▶ _YOUR TASK_:
Would you reproduce the whole listing exactly, minus its images?

▶ _SOURCE DATA_:
--- START ---
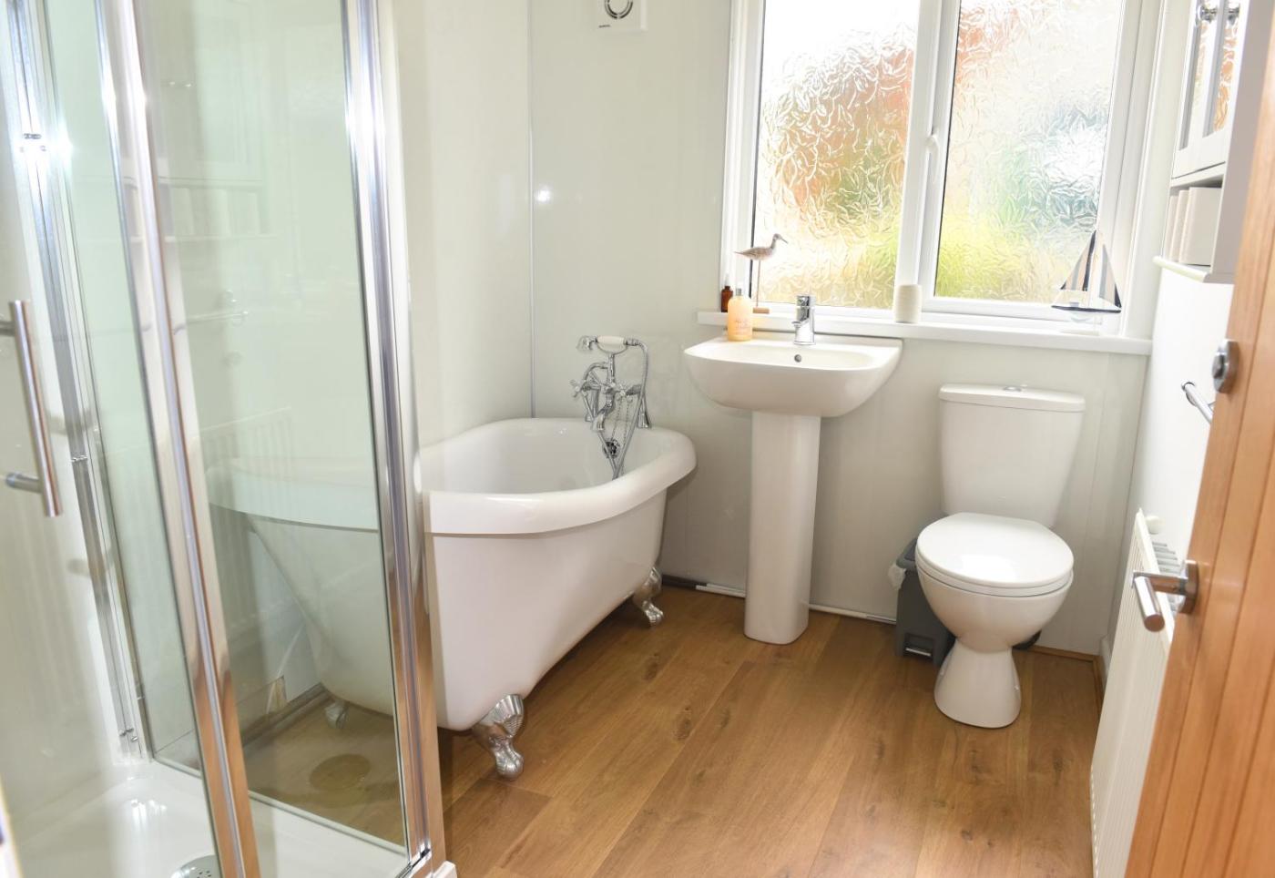 Two-Bedroom Cottage. Boasting a private entrance, this holiday home includes 1 living room, 2 separate bedrooms and 2 bathrooms with a walk-in shower and a bath. The fully equipped kitchen features a stovetop, a refrigerator, a dishwasher and kitchenware. This holiday home has a washing machine, flat-screen TV with streaming services, sea views, as well as chocolate for guests. The unit has 4 beds.
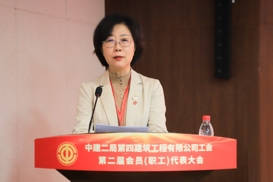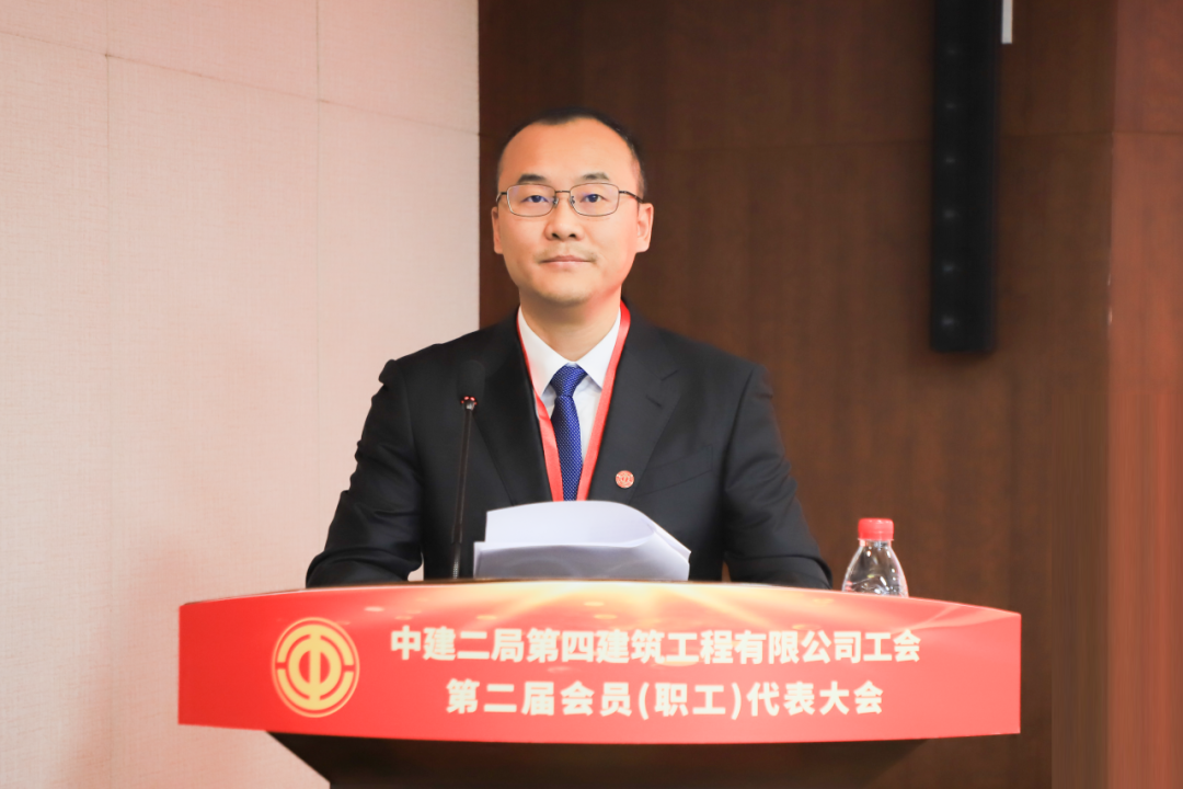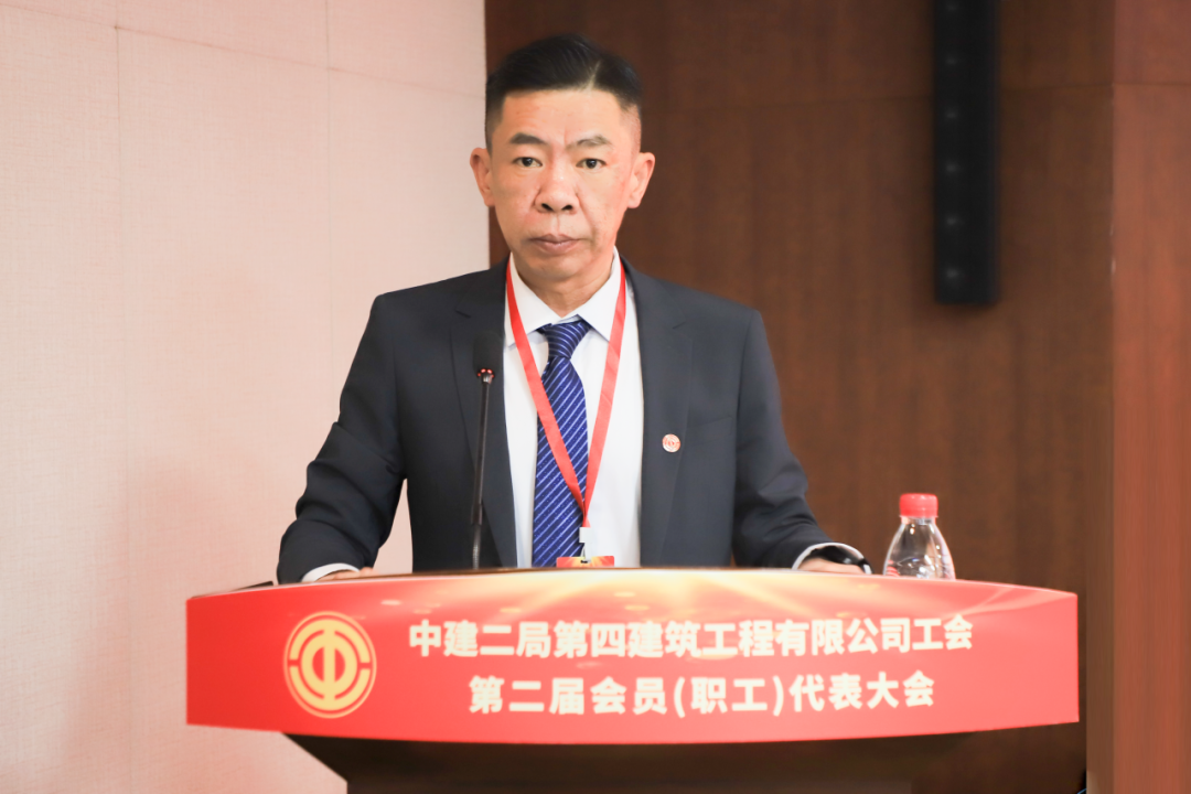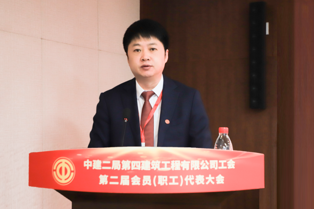 杜建波代表中建二局工會(huì)向大會(huì)的召開(kāi)予以祝賀。他表示,四公司工會(huì)堅(jiān)持以習(xí)近平新時(shí)代中國(guó)特色社會(huì)主義思想為指導(dǎo),深入學(xué)習(xí)貫徹習(xí)近平總書記重要講話和指示批示精神,始終堅(jiān)持融入中心、服務(wù)大局,在工會(huì)系統(tǒng)多個(gè)領(lǐng)域起到示范帶頭作用。四公司工會(huì)和廣大工會(huì)干部要不忘初心、牢記使命,強(qiáng)化思想政治引領(lǐng),持續(xù)深化中國(guó)工會(huì)十八大精神的實(shí)踐運(yùn)用,把牢工會(huì)工作正確方向。深刻把握工會(huì)組織在黨和國(guó)家工作大局中的使命任務(wù),緊密圍繞國(guó)家重大戰(zhàn)略、重大工程、重大項(xiàng)目、重點(diǎn)產(chǎn)業(yè),聚焦局“高品質(zhì)履約年”各項(xiàng)目標(biāo)任務(wù),履行央企社會(huì)責(zé)任,深化產(chǎn)業(yè)工人隊(duì)伍建設(shè)改革,堅(jiān)持服務(wù)職工為本,滿足職工群眾對(duì)美好生活的需要,提升廣大職工幸福指數(shù),提高工會(huì)工作能力和水平。
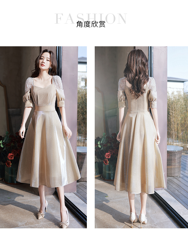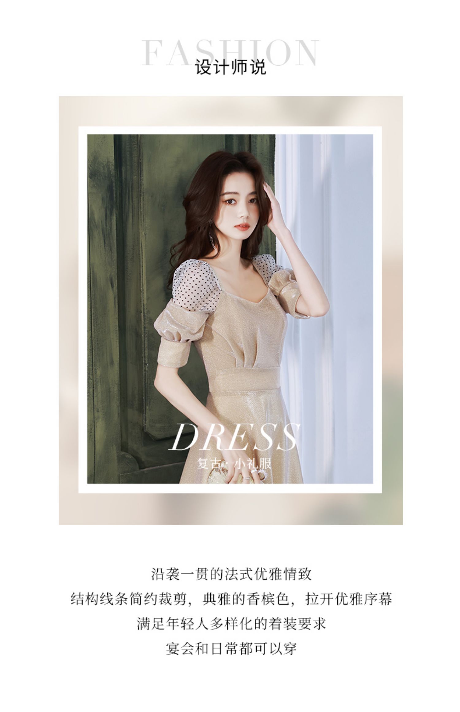 晚禮服女宴會輕奢小眾高端平時可穿高級感法式洋裝香檳訂婚連衣裙
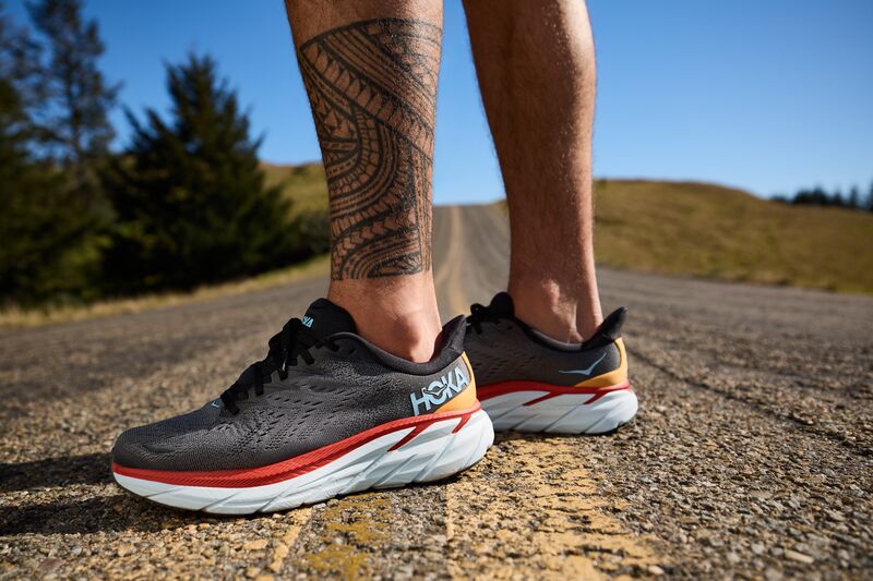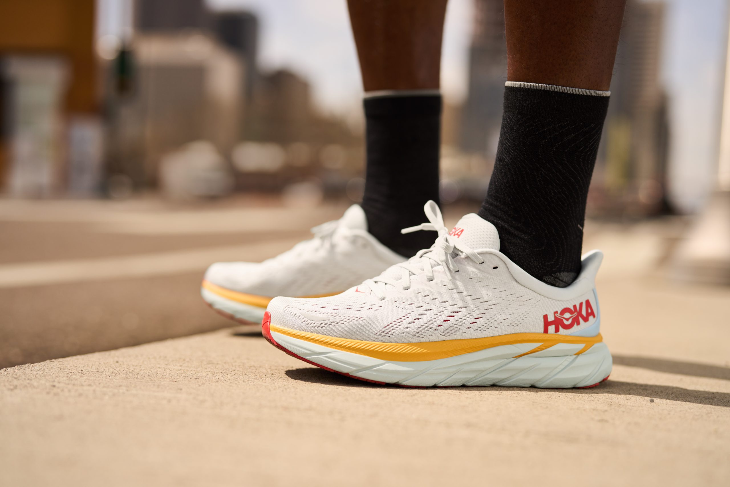 ▲ HOKA CLIFTON 8 相較前一代加大的後跟面積設計創造落地穩定性、緩震 EVA 中底減 輕 15% 重量與 Meta-Rocker 設計讓步態轉換更輕盈。售價:NT$4,580
--- END ---
▶ _WRITTEN RESPONSE_:
 Two-Bedroom Cottage. Boasting a private entrance, this holiday home includes 1 living room, 2 separate bedrooms and 2 bathrooms with a walk-in shower and a bath. The fully equipped kitchen features a stovetop, a refrigerator, a dishwasher and kitchenware. This holiday home has a washing machine, flat-screen TV with streaming services, sea views, as well as chocolate for guests. The unit has 4 beds.
 杜建波代表中建二局工會(huì)向大會(huì)的召開(kāi)予以祝賀。他表示,四公司工會(huì)堅(jiān)持以習(xí)近平新時(shí)代中國(guó)特色社會(huì)主義思想為指導(dǎo),深入學(xué)習(xí)貫徹習(xí)近平總書記重要講話和指示批示精神,始終堅(jiān)持融入中心、服務(wù)大局,在工會(huì)系統(tǒng)多個(gè)領(lǐng)域起到示范帶頭作用。四公司工會(huì)和廣大工會(huì)干部要不忘初心、牢記使命,強(qiáng)化思想政治引領(lǐng),持續(xù)深化中國(guó)工會(huì)十八大精神的實(shí)踐運(yùn)用,把牢工會(huì)工作正確方向。深刻把握工會(huì)組織在黨和國(guó)家工作大局中的使命任務(wù),緊密圍繞國(guó)家重大戰(zhàn)略、重大工程、重大項(xiàng)目、重點(diǎn)產(chǎn)業(yè),聚焦局“高品質(zhì)履約年”各項(xiàng)目標(biāo)任務(wù),履行央企社會(huì)責(zé)任,深化產(chǎn)業(yè)工人隊(duì)伍建設(shè)改革,堅(jiān)持服務(wù)職工為本,滿足職工群眾對(duì)美好生活的需要,提升廣大職工幸福指數(shù),提高工會(huì)工作能力和水平。
 晚禮服女宴會輕奢小眾高端平時可穿高級感法式洋裝香檳訂婚連衣裙
 ▲ HOKA CLIFTON 8 相較前一代加大的後跟面積設計創造落地穩定性、緩震 EVA 中底減 輕 15% 重量與 Meta-Rocker 設計讓步態轉換更輕盈。售價:NT$4,580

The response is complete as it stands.